>>>>>

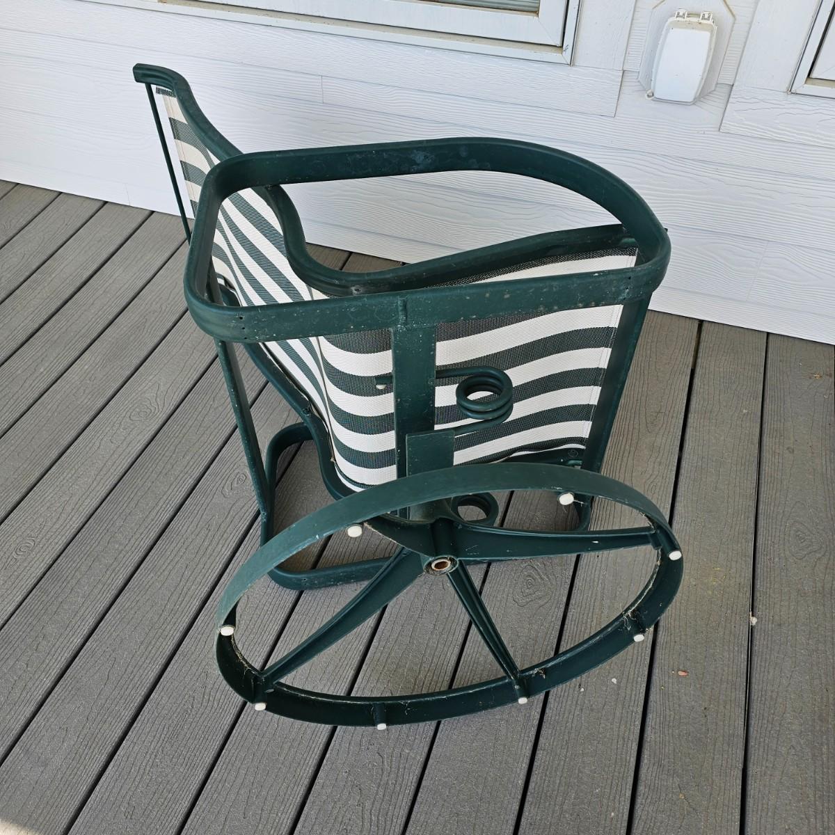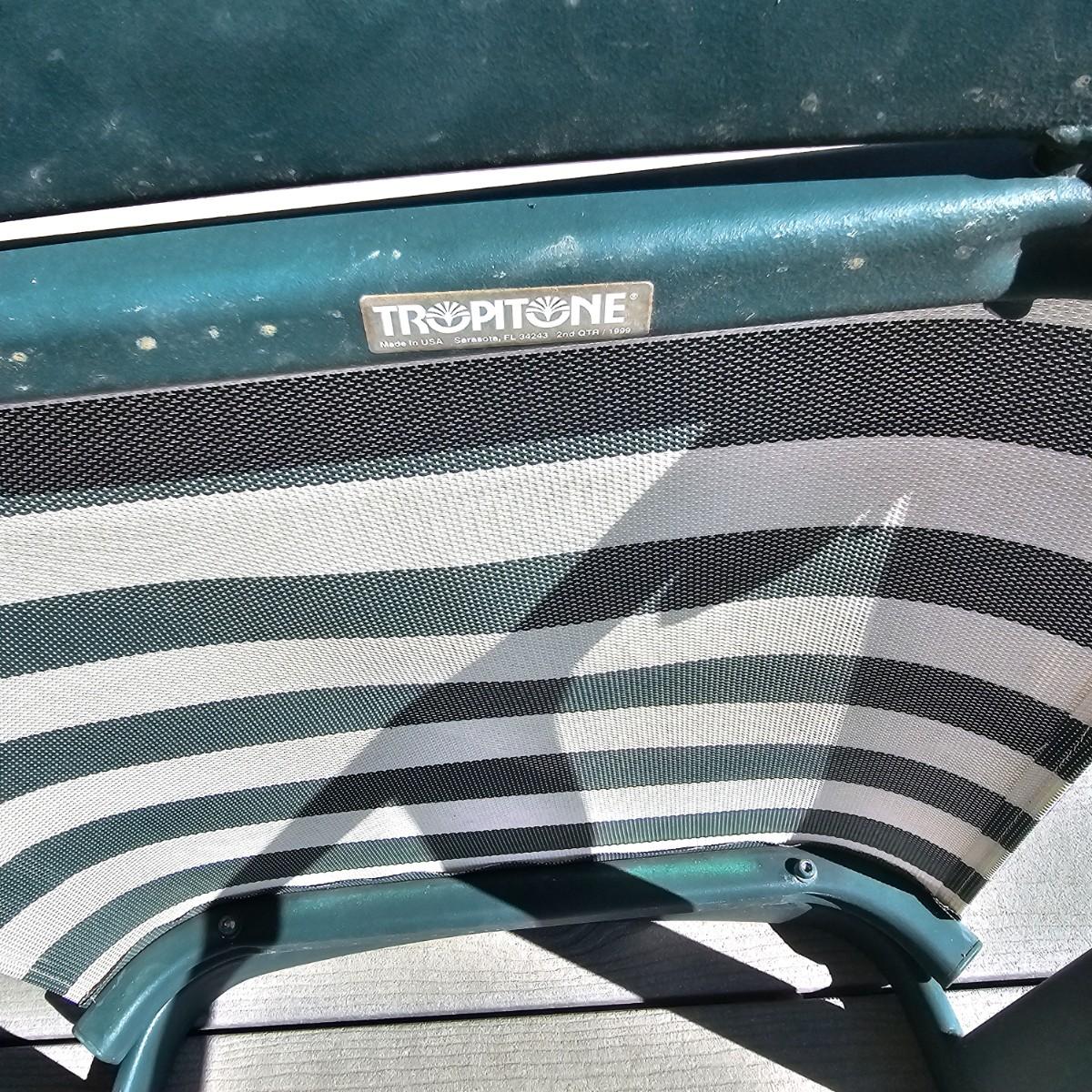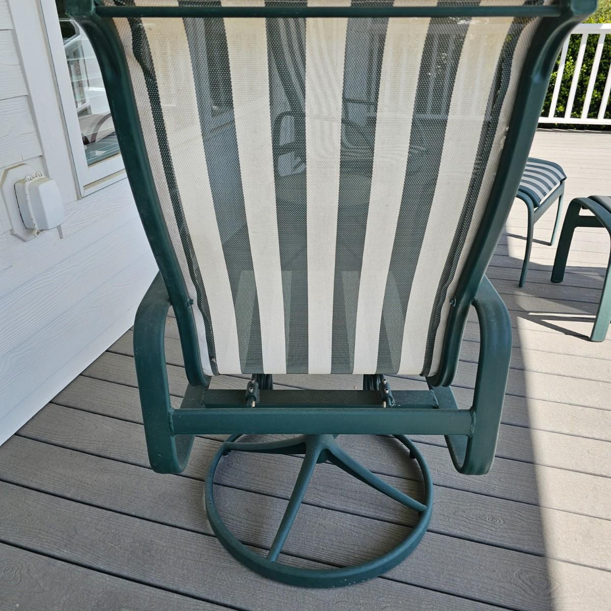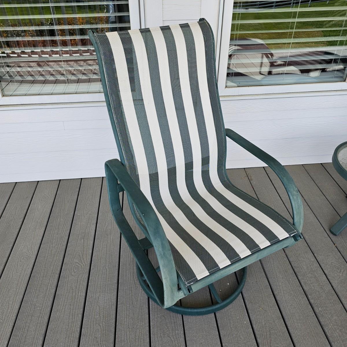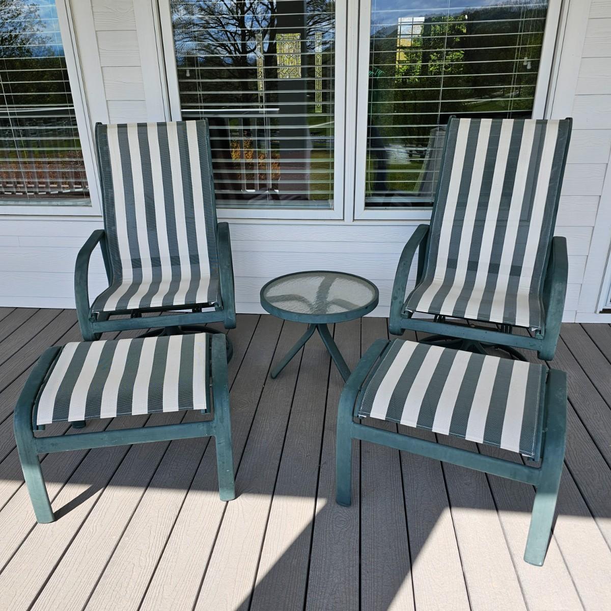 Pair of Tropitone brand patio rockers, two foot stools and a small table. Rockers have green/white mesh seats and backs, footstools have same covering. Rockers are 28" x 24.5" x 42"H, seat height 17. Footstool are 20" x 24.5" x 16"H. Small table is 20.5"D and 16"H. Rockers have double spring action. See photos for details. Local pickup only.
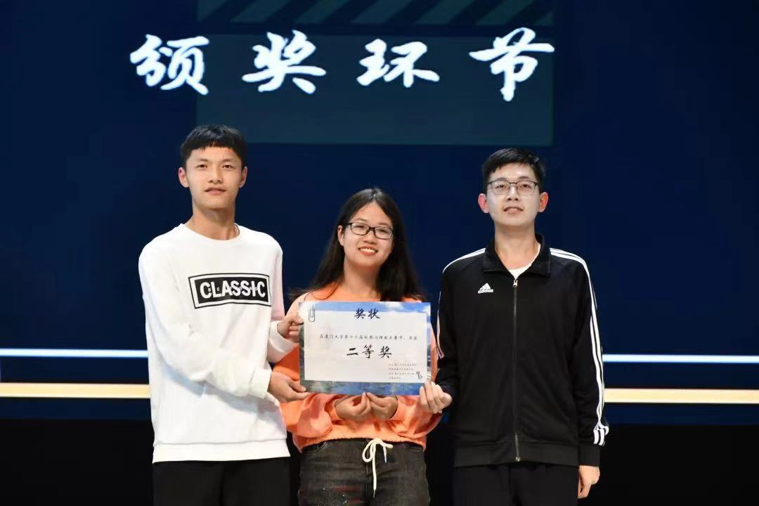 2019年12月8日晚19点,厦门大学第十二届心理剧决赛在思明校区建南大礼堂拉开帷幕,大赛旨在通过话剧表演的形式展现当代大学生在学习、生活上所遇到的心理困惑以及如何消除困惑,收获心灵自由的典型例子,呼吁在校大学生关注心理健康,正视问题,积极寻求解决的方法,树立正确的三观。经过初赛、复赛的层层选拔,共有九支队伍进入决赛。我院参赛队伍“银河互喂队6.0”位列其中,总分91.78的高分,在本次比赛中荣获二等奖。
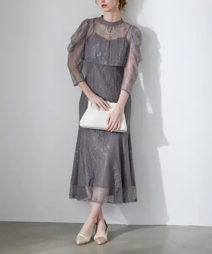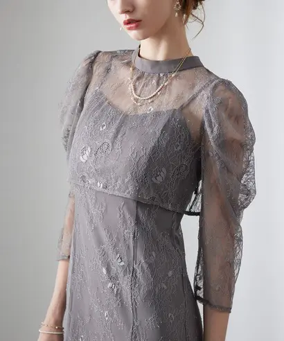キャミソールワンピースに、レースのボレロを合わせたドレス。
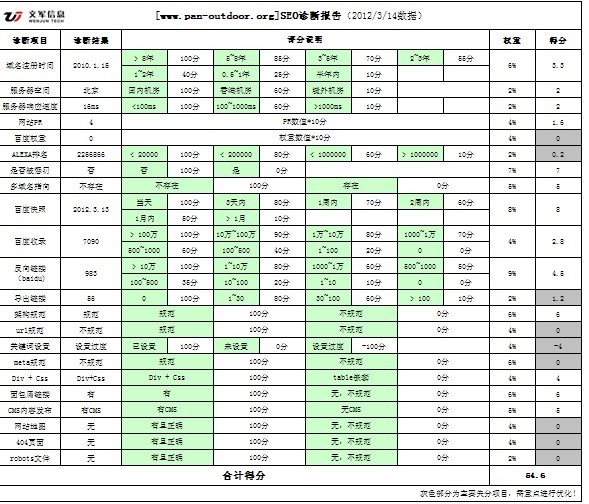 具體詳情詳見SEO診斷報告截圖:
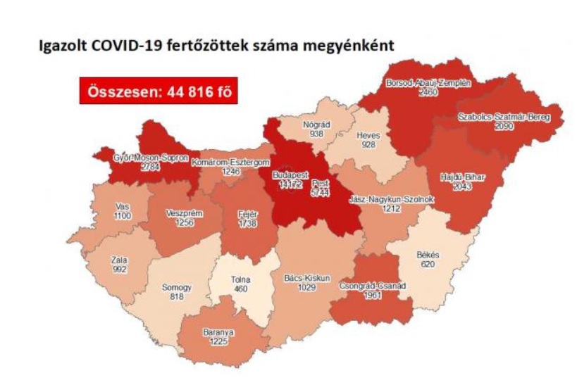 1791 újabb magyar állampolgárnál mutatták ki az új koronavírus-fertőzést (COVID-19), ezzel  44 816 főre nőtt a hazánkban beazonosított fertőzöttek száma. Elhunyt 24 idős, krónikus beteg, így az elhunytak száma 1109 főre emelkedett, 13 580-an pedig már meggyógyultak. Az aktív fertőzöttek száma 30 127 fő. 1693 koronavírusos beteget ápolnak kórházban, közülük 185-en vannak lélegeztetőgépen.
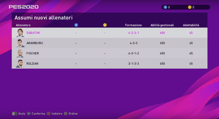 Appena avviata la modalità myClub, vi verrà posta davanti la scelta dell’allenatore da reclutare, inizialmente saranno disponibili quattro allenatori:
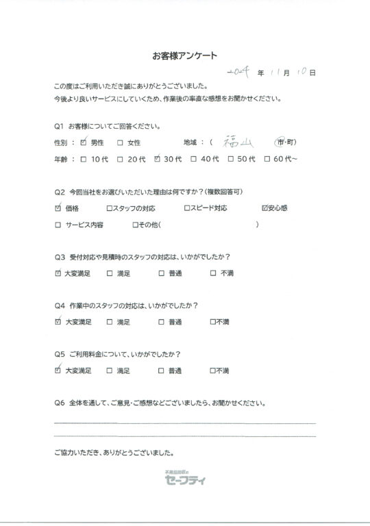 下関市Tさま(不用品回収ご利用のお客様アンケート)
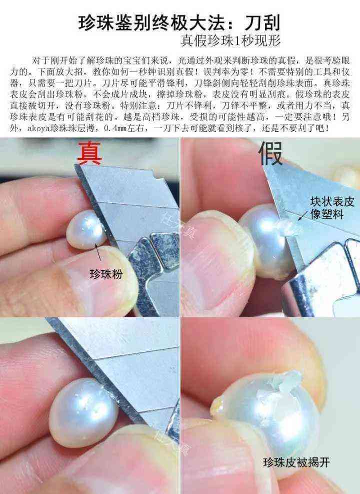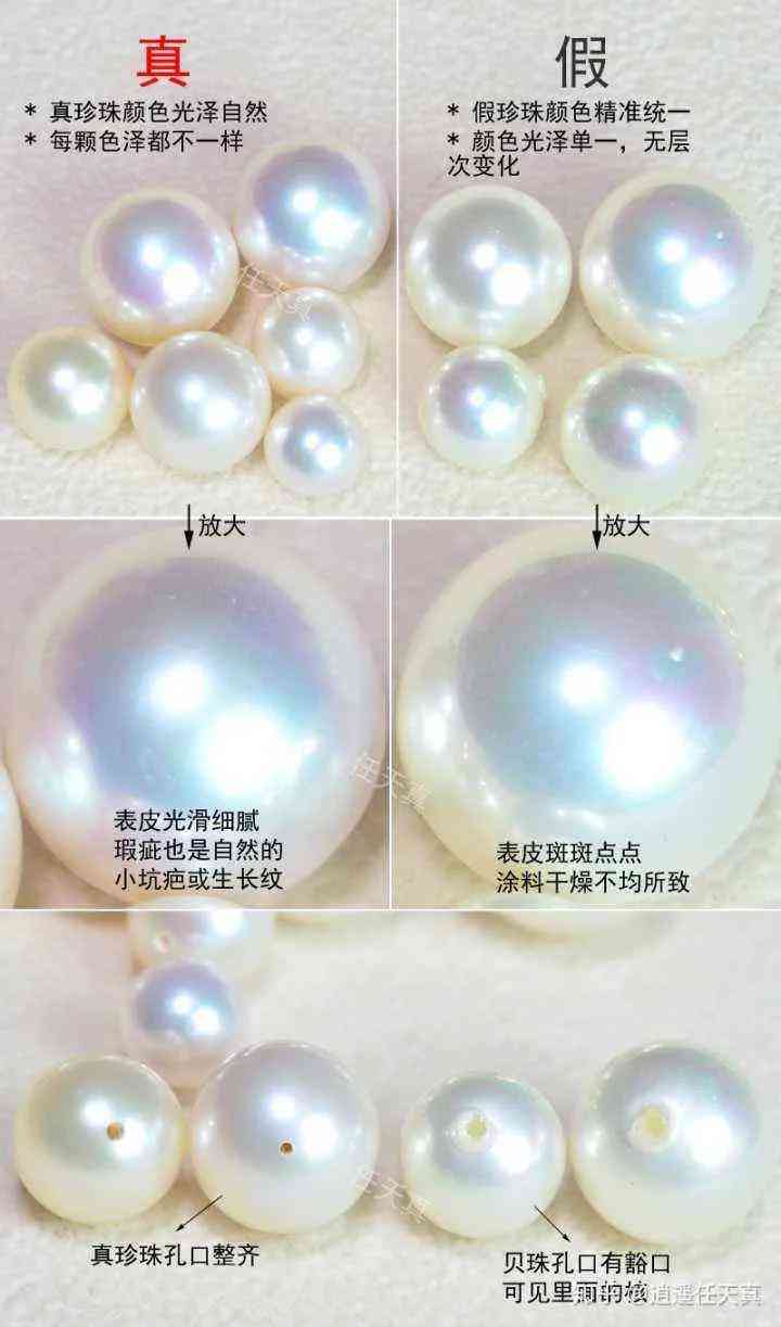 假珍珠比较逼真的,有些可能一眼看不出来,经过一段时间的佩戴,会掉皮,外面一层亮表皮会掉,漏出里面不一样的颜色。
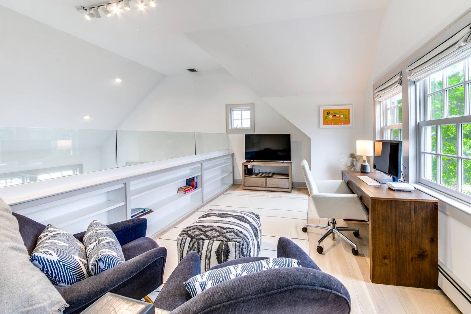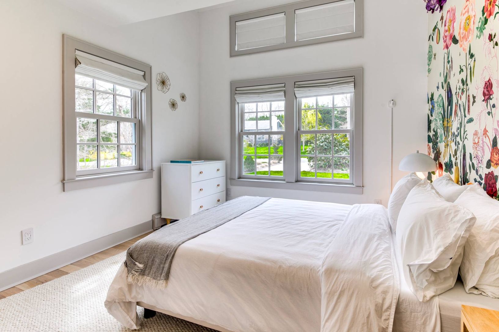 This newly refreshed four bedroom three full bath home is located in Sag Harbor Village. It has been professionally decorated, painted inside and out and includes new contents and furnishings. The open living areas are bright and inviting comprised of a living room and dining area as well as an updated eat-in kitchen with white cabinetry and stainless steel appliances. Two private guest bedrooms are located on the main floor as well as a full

<<<<<

→ Activity
Within the material above, find the part that opens with the line containing "2019年12月8日晚19点" and closes with the line containing "1791 újabb magyar", and reproduce it exactly without the pictures.

→ Answer for the task
 2019年12月8日晚19点,厦门大学第十二届心理剧决赛在思明校区建南大礼堂拉开帷幕,大赛旨在通过话剧表演的形式展现当代大学生在学习、生活上所遇到的心理困惑以及如何消除困惑,收获心灵自由的典型例子,呼吁在校大学生关注心理健康,正视问题,积极寻求解决的方法,树立正确的三观。经过初赛、复赛的层层选拔,共有九支队伍进入决赛。我院参赛队伍“银河互喂队6.0”位列其中,总分91.78的高分,在本次比赛中荣获二等奖。
キャミソールワンピースに、レースのボレロを合わせたドレス。
 具體詳情詳見SEO診斷報告截圖:
 1791 újabb magyar állampolgárnál mutatták ki az új koronavírus-fertőzést (COVID-19), ezzel  44 816 főre nőtt a hazánkban beazonosított fertőzöttek száma. Elhunyt 24 idős, krónikus beteg, így az elhunytak száma 1109 főre emelkedett, 13 580-an pedig már meggyógyultak. Az aktív fertőzöttek száma 30 127 fő. 1693 koronavírusos beteget ápolnak kórházban, közülük 185-en vannak lélegeztetőgépen.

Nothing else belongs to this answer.